Sunday, June 17, 2007

watched Shrek 3 with the family today at the new AMK hub. twas fun, at first! then it just kinda fizzled into one of those arguments between me and mom/dad over the camera (which i'd accidentally dropped). mom saw me dropping it from the corner of her eye and sounded the alarm - which alerted dad and resulted in him cussing and swearing at my carelessness. then he saw me holding my phone and started kicking up a fuss about the phone always being in my hands and blahblah.

i could feel my temper rising astronomically because i mean, come on, everything was going perfectly well and fine and everyone was jolly happy, until then. well, i mean, discounting the fact that dad found out i'd forgotten to lift up the handbrake while driving from home to AMK hub (he kicked up a minor fit over that, only, thankfully), it was all fine and dandy.

i think my temper made things worse a little though, so i must really hold my tongue and not bite back at the parents when they go on their rants. learnt my lesson this afternoon, so when mom went on her cleaning tirade and started making me get out of bed to watch dad mop the floor and go downstairs to bring clothes up - i just bit my tongue and did what she wanted. spare all of us the hassle of having to argue over practically nothing.

i'm not getting well. my sniffles are back and my head hurts and my throat tickles and the nose is stuck and i feel like just flopping on my bed and sleeping right now even though i'd slept the whole afternoon away already.

must be all the late nights catching up with me. sleeping for 3, 4 hours a night for a couple of nights in a row is no fun in the long run, i think. my eyes are puffy and swollen today as a result of the lack of sleep. rah.

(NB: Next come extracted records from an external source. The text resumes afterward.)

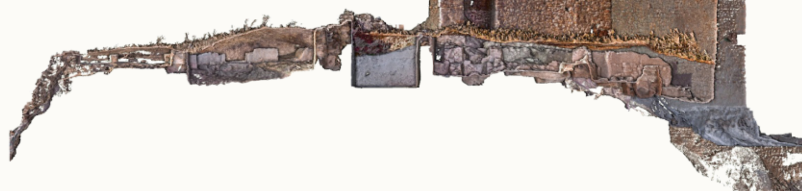
▲ Plànol i secció del conjunt arqueològic. Elaborat a partir de Ulloa, P., Masip, M. i Masip, A. / Plano y sección del conjunto arqueológico. Elaborado a partir de Ulloa, P., Masip, M. i Masip, A.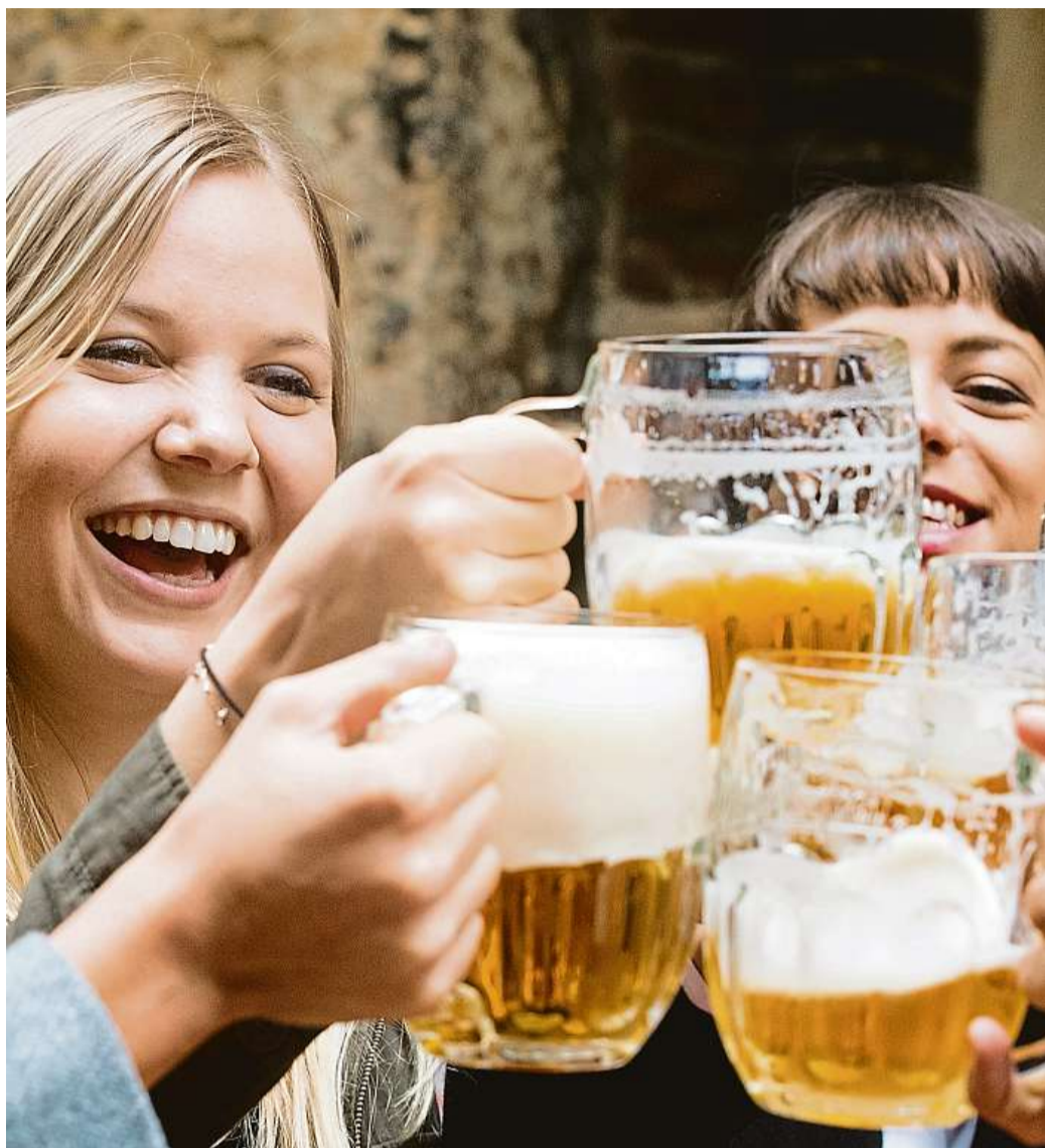
České hospody se uzavřely právě před rokem. Na pamětním snímku z doby předkoronavirové jsou hosté restaurace U Pinkasů - nejstarší pilsenské restaurace v Praze.

„Podíl 35 procent z roku 2019 se už nikdy nevrátí. Zůstane ko-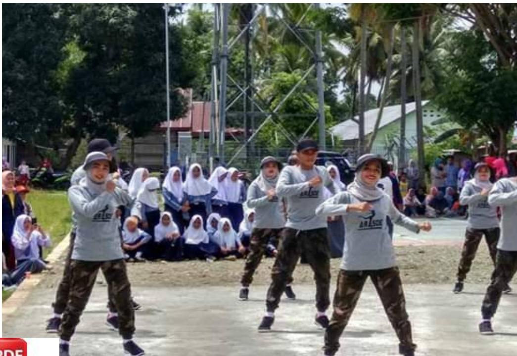
giatan pertandingan senam, oleh pemuda Desa Arasoe.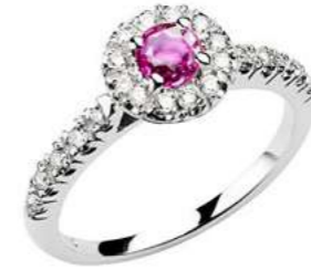
Art. AZR100 Zaff.Rosa ct.0,50 mm 4 Diam.ct.0,20 Gold 18 kt. gr. 3,00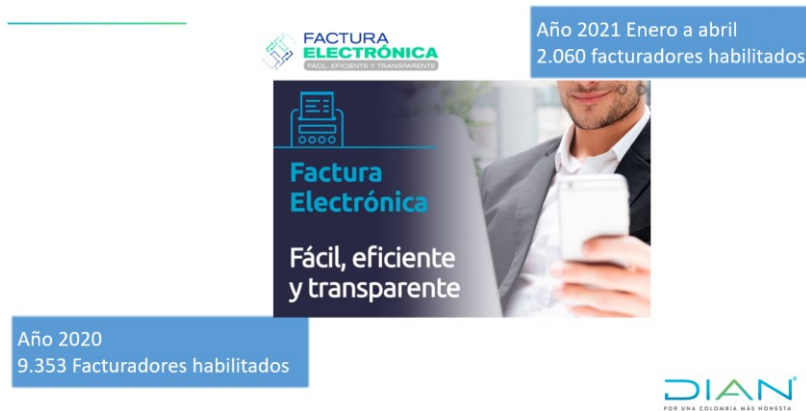
Ilustración 32. Sistema de factura electrónica año 2020-2021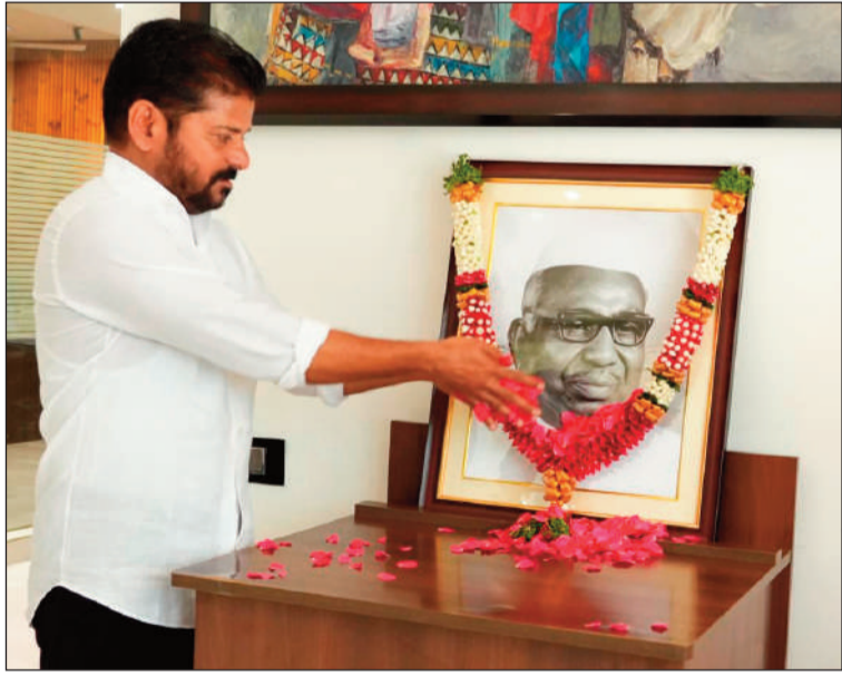
సామాజిక సమానత్వానికి బాబూజీ స్మారక సీంం రేవంత్ రెడ్డి నివాళి

హైదరాబాద్, ఏప్రిల్ 5(మనసలో మాట): భారత మాజీ ఉప ప్రధానమంత్రి, గొప్ప స్వాతంత్ర్య సమరయోధుడు డాక్టర్ బాబూ జగ్జీవన్ రామ్ 119వ జయంతి సందర్భంగా తెలంగాణ ముఖ్యమంత్రి ఎ. రేవంత్ రెడ్డి ఘన నివాళులు అర్పించారు. ఆదివారం జూబ్లీహిల్స్ లోని తన నివాసంలో జగ్జీవన్ రామ్ చిత్రపటానికి పూలమాల వేసి అంజలి ఘటించారు. ఈ సందర్భంగా ఆ మహనీయుడు దేశానికి చేసిన సేవలను సీఎం స్మరించుకున్నారు. అణగారిన వర్గాలు, కార్మికుల సంక్షేమం కోసం జగ్జీవన్ రామ్ చేసిన కృషి మరువలేనిది రేవంత్ రెడ్డి కొనియాడారు. “సమాజంలో వేళ్ళూనుకున్న కుల వివక్ష, అంటరానితనానికి వ్యతిరేకంగా బాబూజీ మొక్కవోని దీక్షతో పోరాడారు. దళితుల హక్కుల కోసం, వారి సామాజిక సాధికారత కోసం ఆయన జీవితంలో అంతీభావంతో పనిచేశారు” అని ముఖ్యమంత్రి పేర్కొన్నారు. బాబూ జగ్జీవన్ రామ్ ఆశయాలను తెలంగాణ ప్రభుత్వం తు.చ. తప్పకుండా పాటిస్తుందని సీఎం స్పష్టం చేశారు. “ఆయన అందించిన స్ఫూర్తితోనే తెలంగాణలో సామాజిక న్యాయం దిశగా మా ప్రభుత్వం అడుగులు వేస్తోంది. అన్ని వర్గాల మేలు కోసం, ముఖ్యంగా వెనుకబడిన తరగతుల అభ్యున్నతికి మా ప్రభుత్వం నిరంతరం కృషి చేస్తోంది” అని ఆయన పునరుద్ఘాటించారు. ఈ కార్యక్రమంలో పలువురు ప్రజా ప్రతినిధులు, ప్రభుత్వ ఉన్నతాధికారులు పాల్గొని బాబూజీ సేవలను స్మరించుకున్నారు. రాష్ట్రవ్యాప్తంగా ప్రభుత్వ కార్యాలయాల్లో జగ్జీవన్ రామ్ జయంతి వేడుకలను అధికారికంగా నిర్వహించారు.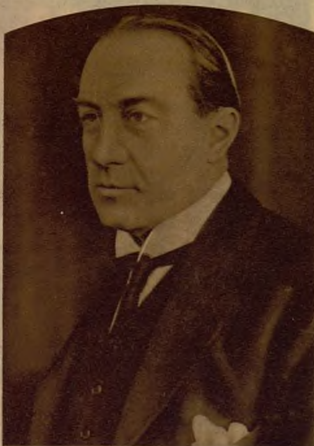
Stanley Baldwin, el jefe de los conservadores, ha llegado a Londres, procedente de Als les Bains. El pueblo londinense le ha tributado un grandioso recibimiento, que ante la actual situación es altamente significativo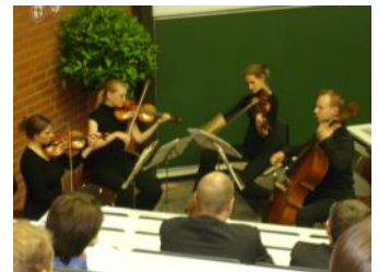
Für die musikalische Umrahmung sorgte ein Streichquartett des Sinfonieorchesters der Universität Bayreuth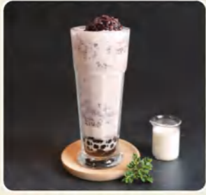
紫米紅豆珍珠鮮奶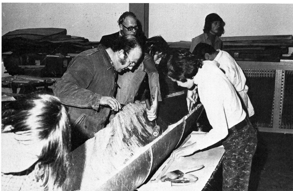
Même les kayaks de régates peuvent être fabriqués par soi-même. Voici, pour exemple, un cours de branche sportive de l'école secondaire de Rapperswil.

En Suisse, les régates ne se disputent pratiquement qu'en kayak 1 . C'est surtout dans les pays de l'Est, où le sport de régates en canoë est beaucoup plus répandu, que l'on utilise également des canoës-canadiens 2 . Il existe des kayaks à une (K1), à deux (K2) ou à quatre places (K4). Ils doivent correspondre exactement aux prescriptions internationales quant à leur longueur, à leur largeur et à leur poids.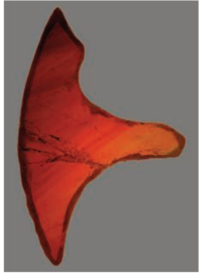
Fig. 8. Saint-Guilhem-le-Désert (Hérault), autel ; plaque de verre rouge foncé.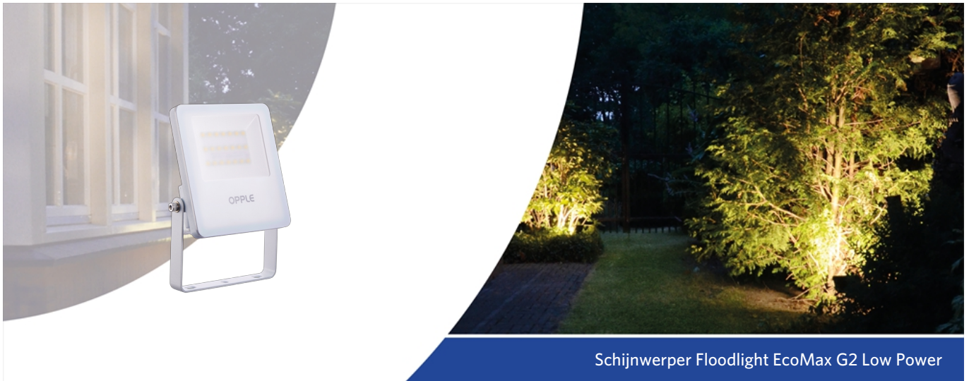
Schijnwerper Floodlight EcoMax G2 Low Power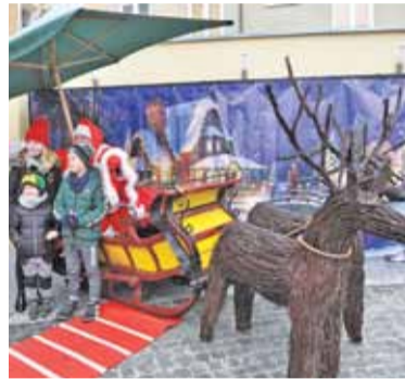
Tym razem sanie św. Mikołaja musiały zostać wyposażone dodatkowo w parasol

Na straganach pojawia się co raz więcej regionalnych produktów – obok wędlin, chleba czy miodów, można było kupić domowe alkohole, przetwory czy chałwę. Oczywiście nie zabrakło rękodzieła, świątecznych stroików i pierników. Te ostatnie dzieci mogły własnoręcznie ozdabiać w Zakątku św. Mikołaja. Na najmłodszych czekały tam liczne atrakcje oraz sam św. Mikołaj w saniach zaprzężonych w wiklinowe renifery. Na scenie po-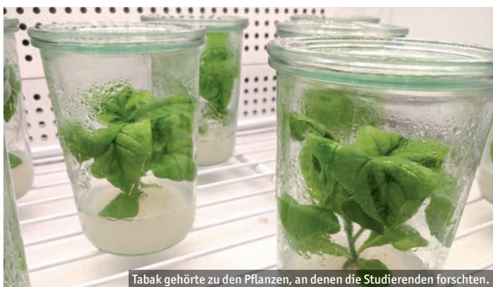
Tabak gehörte zu den Pflanzen, an denen die Studierenden forschten.

Mit ihren Ergebnissen überzeugten die auch von der Universität und zahlreichen Sponsoren unterstützten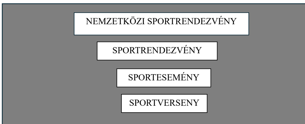
1. ábra: A sportversenyek, sportesemények, sportrendezvény hármass tartalmi lehatárolására

A sportversenyek jelentik a kiindulási pontot, és a sportesemények meghatározásán keresztül jutunk el a sportrendezvények jellemzőinek összefoglalásához, amely a nemzetközi jelzővel kiegészülve adja a kategória legmagasabb szintjét.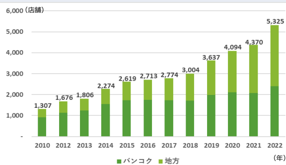
【図表1：日本食レストラン店舗数の推移】

現地での日本食の拡がりから、日本食レストラン数も右肩上がり増加を続け、2022年は5,325店舗と過去最多を更新しました。これまで新型コロナウイルス感染症に対する規制により、落込んでいたタイの外食文化ですが、規制緩和が断続的に行われていくなかで徐々に復活し、外食産業の事業環境は改善されていきました。これを受けて、日系企業による新規進出やフランチャイズ展開が行われた他、個人経営の店舗が増加したことも最多更新の背景となっています。また、日本食レストランの増加は、首都バンコクだけでなく地方都市でも見られ、流行の発信地であるバンコクでの日本食人気は、タイの地方都市に広がっていることがうかがえます。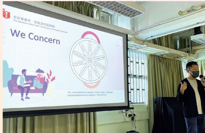
「零點三七」按服務對象需要，製作本地性教育教材。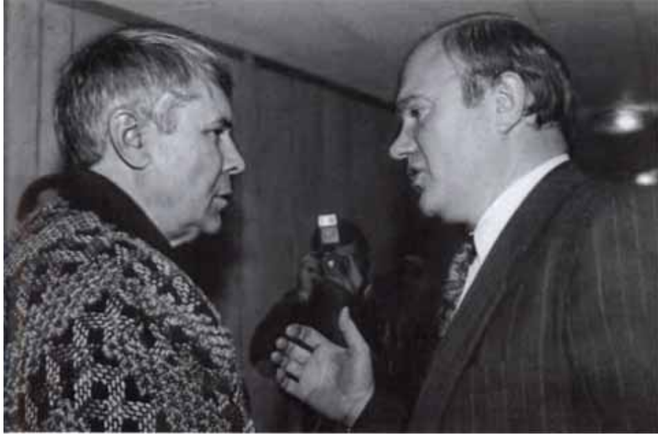
С верным соратником главным редактором «Советской России» Валентином Чикиным.

and. there are ants in my room. bloody hell. i don't know where the heck they're spawning from, i don't know where on earth they've been marching to, i don't know why they just can't get the hell out of my room and leave my table and me in peace. i'm getting bitten all over and I AM GETTING IRRITATED WITH THE INFESTIMAL THINGS CLIMBING ALL OVER MY TABLE AND EVEN DARING TO STRAY TO MY LEGS.

get a nest, man.



i scare myself with my intensity, sometimes. how i can be so convinced about something, stubbornly clinging on even when i have more than enough reasons to jump ship. of course, when there're a million reasons for me to hang on to what i believe in, it makes the conviction seem more measured, more logic-ed out in my mind, more reasonable. but then there're the other times when my conviction is borne out of just one sole reason; that's when i start to cling on for dear life and even though i think i'm a little looney for clinging on, i do so, anyway.

i don't quite like the feeling of being annoying. i annoy myself with that feeling.